Yes indeed, shock horror, cloth wipes are the best thing to use on little bums! Have them ready soaked so they are as convenient as wet wipes and keep in a wet bag, or just wet on the go. Either way, cloth wipes for bums are gentle, effective, and most importantly, kind to the planet. It can take multiple wet wipes to wade through a poonami, but rest assured, a couple of cloth wipes will have the job done in no time.

Family Cloth

So this one isn’t going to be for everyone but hear me out. Toilet paper is as much as a single use item as anything else, with good reason I hear you say. Many people around the world wanting to reduce their waste and environmental impact, have adopted a method known as family cloth to replace toilet tissue. Its clean, effective and very simple.
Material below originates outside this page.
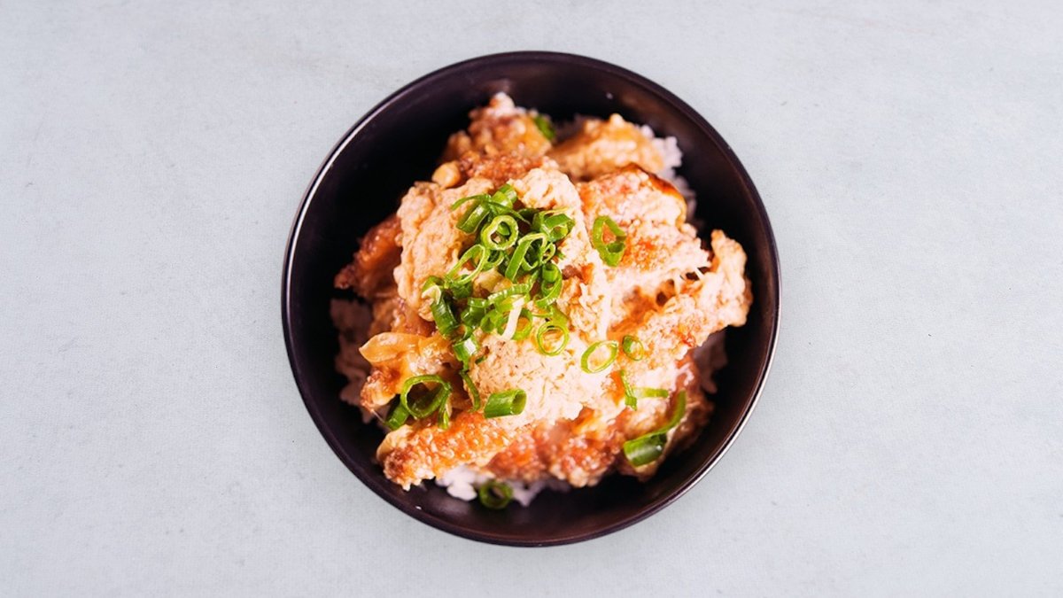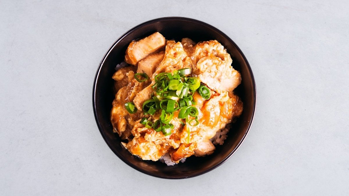 Kurczak, cebula, jajko, negi, dashi, ryż

It may not be your first port of call if you are new to the idea of cloth wipes, but perhaps if you already use cloth for some of the above, it might be worth considering.

Removing Make-up 

Using wet wipes for removing make up is somewhat expensive and unnecessary. Using cloth wipes or cloth make up pads is such a simple swap to make, and will help you be a little bit more green around the home. In fact, it’s a great place to start your cloth journey if the whole business makes you a little nervous and bodily fluids send shivers down your spine. No mess, just clean, effective and kind to the skin. No nasties!

Just About Everything Else

Anything you currently use a wet wipe for around the home, can easily be converted to a cloth alternative. You can even just tear up old clothes or towels if you don’t have the funds to stretch to shiny new cloths for everything. A mix of upcycled  and new is ideal depending on the purpose.

What I do with Cloth Wipes?

It really is very simple. Have a bucket or wet bag to contain the used wipes. It’s best to tie them in a mesh bag before putting in the washing machine (just like you would any small items). Then stick in the washing machine, either with other washing or towels. That’s it!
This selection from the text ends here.